Ora, o que é seguramente desejável a médio e a longo termo vem colocar em
perigo o relançamento rápido que a nova equipa da Casa Branca prevê
conseguir através do consumo e do endividamento. *«Se não fizermos nada,
esta recessão pode durar anos»*, preveniu Obama, desejoso de que o seu
programa de despesas suplementares de 775 mil milhões de dólares, composto
por despesas públicas e diminuições de impostos, seja adotado o mais
depressa possível pelo Congresso. Será este programa suficiente? Alguns
economistas democratas como Paul Krugman consideram-no insuficiente e mal
concebido [3 <http://pt.mondediplo.com/spip.php?article438#nb3>].
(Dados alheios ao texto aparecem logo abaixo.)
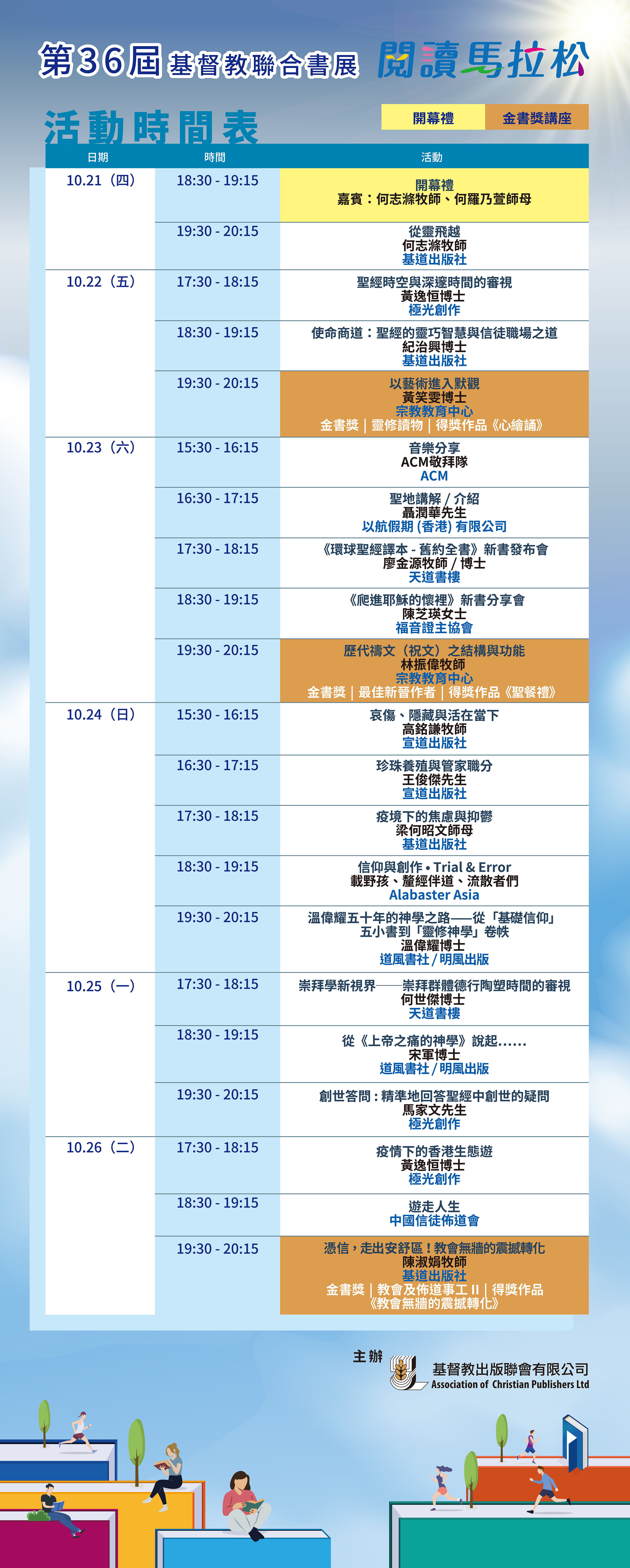 講座 2021 第36屆基督教聯合書展|閱讀馬拉松 2021.10.21-27|尖沙咀街坊福利會禮堂 歡迎到場參加講座活動與作者會面交流!更可到「基督教書展」Facebook 留意我們為你直播的現場活動! 評分:分享此文:Tweet更多 以電子郵件將連結傳送給朋友(在新視窗中開啟) 電子郵件 列印(在新視窗中開啟) 列印 在 Tumblr 上分享喜歡 正在載入...

A situação internacional também não parece prestar-se a resultados
imediatos. Deliberadamente ou não, os dirigentes israelitas colocaram o seu
grande aliado perante um fato consumado – uma guerra particularmente
impopular no mundo árabe – e obrigaram o novo presidente a dedicar-se
imediatamente a um dossiê minado que não era de forma alguma uma sua
prioridade. A parcialidade que Obama poderá demonstrar nesta situação, uma
vez que já ninguém imagina que os Estados Unidos possam vir a defender uma
posição equilibrada no Médio Oriente, poderá enfraquecer muito depressa a
sua popularidade internacional.

Contudo, nem tudo se resume a um homem, mesmo que novo. Até porque a
novidade é muito menos visível quando se examina as escolhas feitas por
Obama para o seu gabinete. Se há uma ministra do Trabalho próxima dos
sindicatos, Hilda Solis, que promete uma ruptura com as políticas
anteriores, há também uma ministra dos Negócios Estrangeiros, Hillary
Clinton, cujas orientações diplomáticas cortam menos com o passado, e um
ministro da Defesa, Robert Gates, simplesmente herdado da administração
Bush. Quanto à diversidade da equipa, não é seguramente de natureza
sociológica. Entre as trinta e cinco primeiras nomeações de Obama contam-se
vinte e dois diplomados por uma universidade de elite americana ou por um
distinto colégio universitário britânico… Faz lembrar um pouco o regresso à
«competência», aos *«best and brightest»* (os melhores e os mais brilhantes)
da administração Kennedy-Johnson. A imodéstia que caracteriza este gênero de
indivíduos condu-los por vezes a fazerem presunções sobre as suas forças e a
tornarem-se os arquitetos de catástrofes planetárias, como se observou
durante a Guerra do Vietnam. Nos tempos que correm, a ameaça mais temível
nos Estados Unidos é o atolamento «centrista» e não a audácia do *«Yes, we
can»*.

domingo 18 de Janeiro de 2009
Notas

[1 <http://pt.mondediplo.com/spip.php?article438#nh1>] Ler «Timetable for
Iraq too slow for Obama», *International Herald Tribune*, 15 de Janeiro de
2009.

[2 <http://pt.mondediplo.com/spip.php?article438#nh2>] Cf. «Hard-Hit
Families Finally Start Saving, Aggravating Nation's Economic
Woes<http://online.wsj.com/article/SB123120525879656021.html>»,
*The Wall Street Journal*, 6 de Janeiro de 2009.

[3 <http://pt.mondediplo.com/spip.php?article438#nh3>] Paul Krugman, «The
Obama Gap <http://www.nytimes.com/2009/01/09/opinion/09krugman.html>», *The
New York Times*, 8 de Janeiro de 2009.